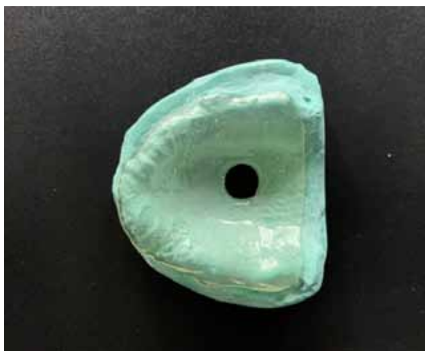
Figure 6: 1mm thick flexible polyethylene sheet incorporated in the maxillary denture which was 2mm short of borders
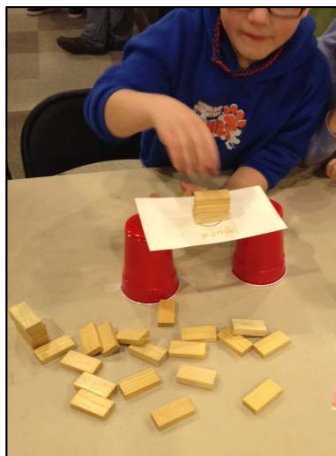
Glue is the Clue Bridge Activity
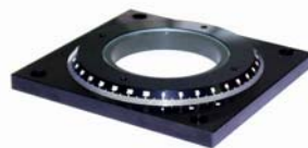
Optional: Rotary table MA 143-6-70 G Division 360°, vernier 10'
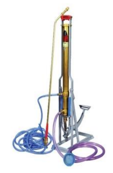
Fig 1. - Foot operated spray

Foot operated sprayer is operated with pedal lever by the foot of the operator and need at least two persons. Insecticide liquid to be used is kept in container sucked by a suction hose. Ball valve present in piston assembly worked as suction valve. Liquid to hydraulic nozzle is delivered from pressure chamber via pump cylinder.
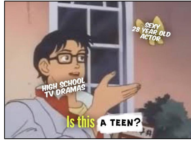
Figure 2: "Is this a Teen?"

www.xchanges.org Volume 15, Issue 1 Spring, 2020
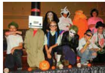
The costume contest during the recent Halloween Bash was a real fright! Costumes were judged in four categories: scariest, most fun, most original/home-made, and adult pick. The Halloween Bash included a Boppers DJ, a costume contest, a mummy wrap contest and a donut eating contest as well as pizza and snacks. Many thanks to all the parent volunteers who help make these programs a success!

THE PERFECT COMPANY PROMOTION | GIVEAWAY!
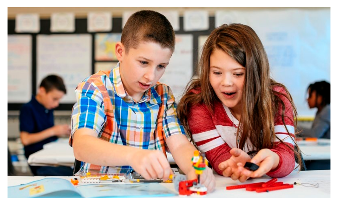
Lego Education Robotix at the Museu Marítim de Barcelona.

STEAM has also been present at the <u>Museu Marítim de Barcelona</u> since 2019 thanks to the support of Lego Education Robotix. In this case, the museum proposes three activities for school groups ('Izad velas' [Raise Your Sails] for pre-schoolers, 'Matemáticas, un mundo de máquinas' [Mathematics, a World of Machines] for primary and 'La Mar de Ingenio' [Sea of Ingenuity] for secondary school students) in which their curiosity, the exchange of ideas, teamwork, creativity and experimentation are encouraged through a number of trial-and-error processes. These are proposals in which students are free to experiment and explore as they acquire new knowledge by cooperating in open tasks.
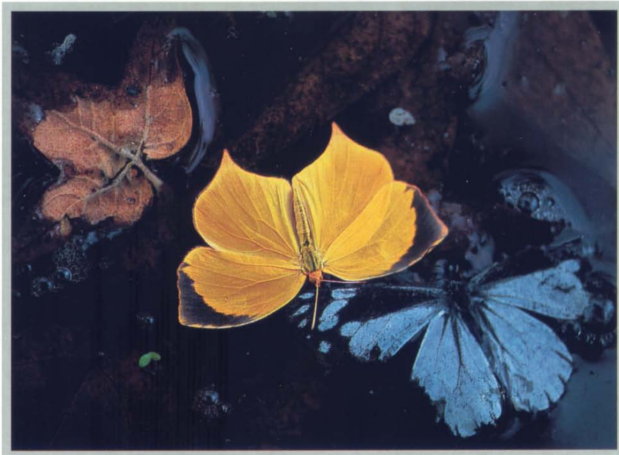
BUTTERFLIES ( EUREMIA PROTERPIA , LEFT; NEOPHASIA TERLOOTII , RIGHT), RAMSEY CANYON PRESERVE
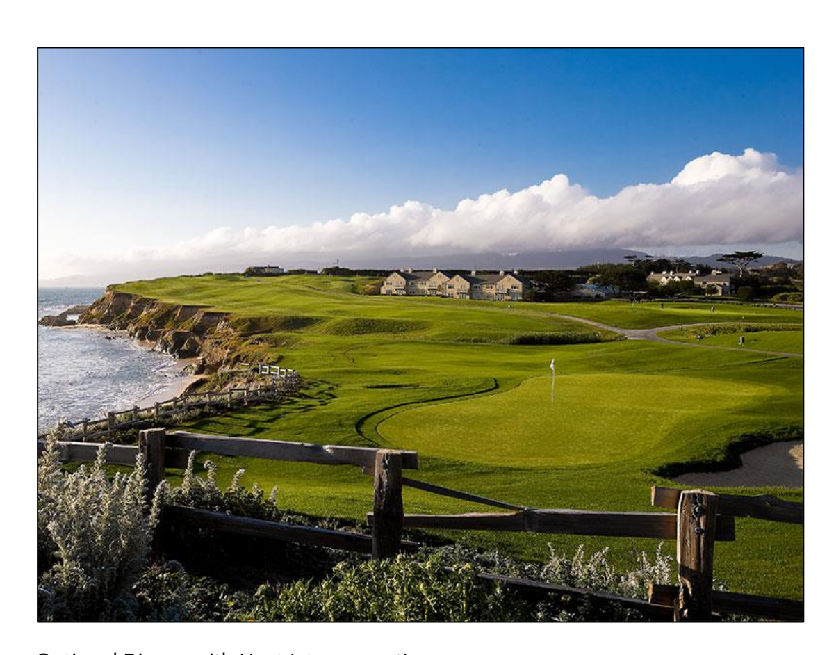
Optional Dinner with Host (at own cost)

Favourites include the opening par-five, the Ritz-Carlton backed number 9 and the final four holes ending at the turn between hole 17 and 18 known as "Palmer Corner." The finishing hole is the postcard photo and one of golf's highest ranked holes in the country—a 405-yard par-four stunner framed by the blue Pacific.

+++

**Task brief**
Print all of the entries word for word. Omit the pictures they contain.

**Answer**
Figure 6: 1mm thick flexible polyethylene sheet incorporated in the maxillary denture which was 2mm short of borders
Glue is the Clue Bridge Activity
Optional: Rotary table MA 143-6-70 G Division 360°, vernier 10'
Fig 1. - Foot operated spray

Foot operated sprayer is operated with pedal lever by the foot of the operator and need at least two persons. Insecticide liquid to be used is kept in container sucked by a suction hose. Ball valve present in piston assembly worked as suction valve. Liquid to hydraulic nozzle is delivered from pressure chamber via pump cylinder.
Figure 2: "Is this a Teen?"

www.xchanges.org Volume 15, Issue 1 Spring, 2020
The costume contest during the recent Halloween Bash was a real fright! Costumes were judged in four categories: scariest, most fun, most original/home-made, and adult pick. The Halloween Bash included a Boppers DJ, a costume contest, a mummy wrap contest and a donut eating contest as well as pizza and snacks. Many thanks to all the parent volunteers who help make these programs a success!

THE PERFECT COMPANY PROMOTION | GIVEAWAY!
Lego Education Robotix at the Museu Marítim de Barcelona.

STEAM has also been present at the <u>Museu Marítim de Barcelona</u> since 2019 thanks to the support of Lego Education Robotix. In this case, the museum proposes three activities for school groups ('Izad velas' [Raise Your Sails] for pre-schoolers, 'Matemáticas, un mundo de máquinas' [Mathematics, a World of Machines] for primary and 'La Mar de Ingenio' [Sea of Ingenuity] for secondary school students) in which their curiosity, the exchange of ideas, teamwork, creativity and experimentation are encouraged through a number of trial-and-error processes. These are proposals in which students are free to experiment and explore as they acquire new knowledge by cooperating in open tasks.
BUTTERFLIES ( EUREMIA PROTERPIA , LEFT; NEOPHASIA TERLOOTII , RIGHT), RAMSEY CANYON PRESERVE
Optional Dinner with Host (at own cost)

Favourites include the opening par-five, the Ritz-Carlton backed number 9 and the final four holes ending at the turn between hole 17 and 18 known as "Palmer Corner." The finishing hole is the postcard photo and one of golf's highest ranked holes in the country—a 405-yard par-four stunner framed by the blue Pacific.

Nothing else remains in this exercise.